-- Data to process follows --

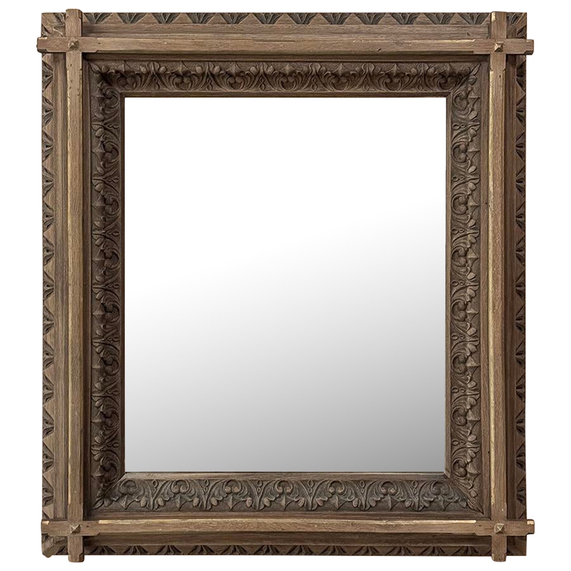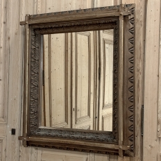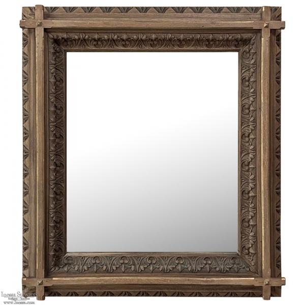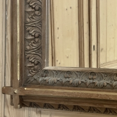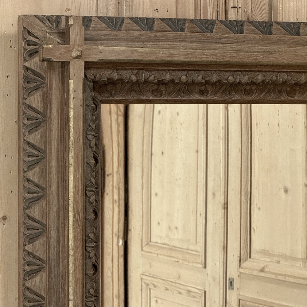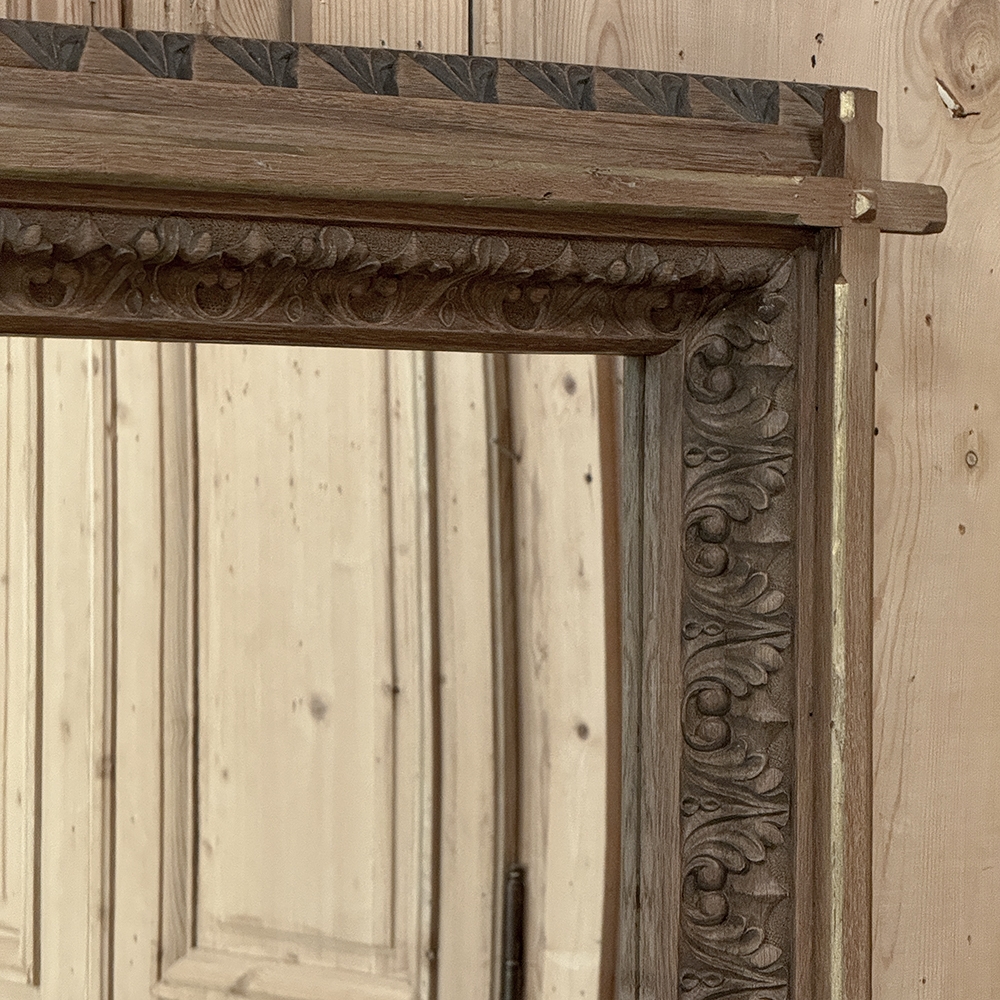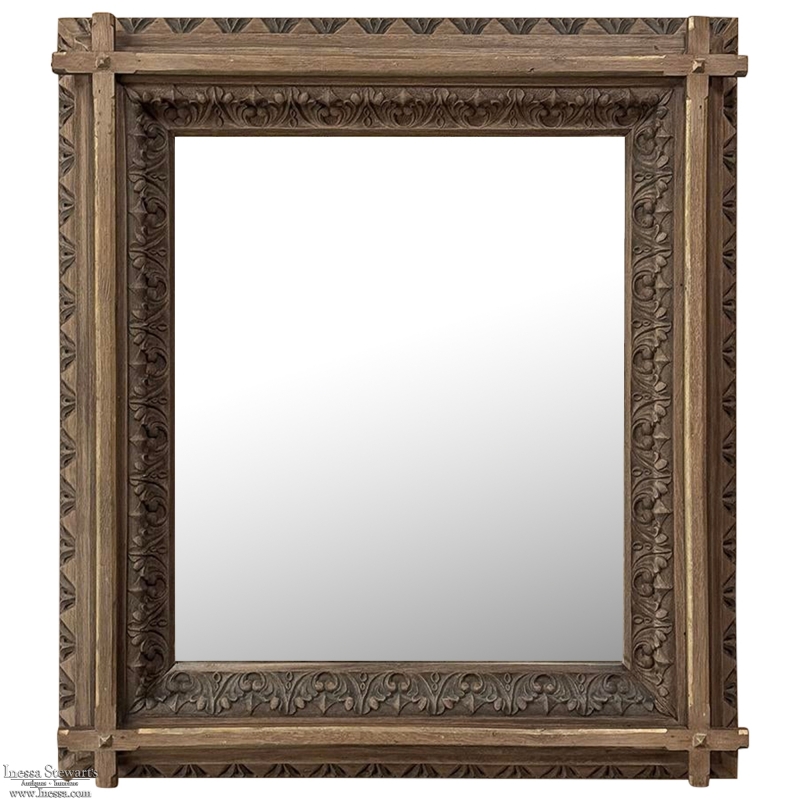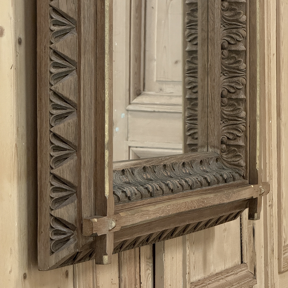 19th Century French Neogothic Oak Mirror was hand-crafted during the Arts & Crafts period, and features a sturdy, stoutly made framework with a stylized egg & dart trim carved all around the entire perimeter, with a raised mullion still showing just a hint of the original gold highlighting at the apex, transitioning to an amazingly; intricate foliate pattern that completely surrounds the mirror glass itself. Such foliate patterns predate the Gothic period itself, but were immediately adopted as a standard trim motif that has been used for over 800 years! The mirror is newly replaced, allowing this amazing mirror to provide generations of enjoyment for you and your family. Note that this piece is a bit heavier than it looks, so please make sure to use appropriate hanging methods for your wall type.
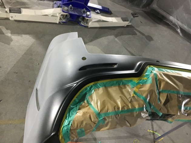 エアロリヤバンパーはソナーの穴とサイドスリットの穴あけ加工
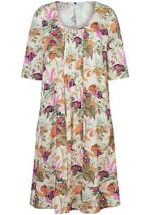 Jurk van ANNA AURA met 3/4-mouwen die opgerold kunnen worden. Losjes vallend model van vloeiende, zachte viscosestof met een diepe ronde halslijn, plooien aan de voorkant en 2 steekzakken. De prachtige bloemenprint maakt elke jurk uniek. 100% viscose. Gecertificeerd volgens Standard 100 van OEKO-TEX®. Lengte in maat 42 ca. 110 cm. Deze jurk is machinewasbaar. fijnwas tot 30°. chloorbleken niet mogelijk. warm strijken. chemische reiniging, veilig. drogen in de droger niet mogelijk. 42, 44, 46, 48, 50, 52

-- Data to process concluded --
-- Data to process follows --

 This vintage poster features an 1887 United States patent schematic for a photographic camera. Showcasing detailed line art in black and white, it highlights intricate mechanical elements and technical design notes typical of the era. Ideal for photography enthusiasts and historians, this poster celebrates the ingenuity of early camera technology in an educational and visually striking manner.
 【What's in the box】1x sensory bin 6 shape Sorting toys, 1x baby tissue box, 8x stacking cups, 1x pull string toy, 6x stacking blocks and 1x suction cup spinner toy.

-- Data to process concluded --

▶ _Action item_:
Copy needed, without pictures: the lines of the listing above from the line containing "19th Century French" up to and including the line containing "Jurk van ANNA", set down exactly.

▶ _Written reply_:
 19th Century French Neogothic Oak Mirror was hand-crafted during the Arts & Crafts period, and features a sturdy, stoutly made framework with a stylized egg & dart trim carved all around the entire perimeter, with a raised mullion still showing just a hint of the original gold highlighting at the apex, transitioning to an amazingly; intricate foliate pattern that completely surrounds the mirror glass itself. Such foliate patterns predate the Gothic period itself, but were immediately adopted as a standard trim motif that has been used for over 800 years! The mirror is newly replaced, allowing this amazing mirror to provide generations of enjoyment for you and your family. Note that this piece is a bit heavier than it looks, so please make sure to use appropriate hanging methods for your wall type.
 エアロリヤバンパーはソナーの穴とサイドスリットの穴あけ加工
 Jurk van ANNA AURA met 3/4-mouwen die opgerold kunnen worden. Losjes vallend model van vloeiende, zachte viscosestof met een diepe ronde halslijn, plooien aan de voorkant en 2 steekzakken. De prachtige bloemenprint maakt elke jurk uniek. 100% viscose. Gecertificeerd volgens Standard 100 van OEKO-TEX®. Lengte in maat 42 ca. 110 cm. Deze jurk is machinewasbaar. fijnwas tot 30°. chloorbleken niet mogelijk. warm strijken. chemische reiniging, veilig. drogen in de droger niet mogelijk. 42, 44, 46, 48, 50, 52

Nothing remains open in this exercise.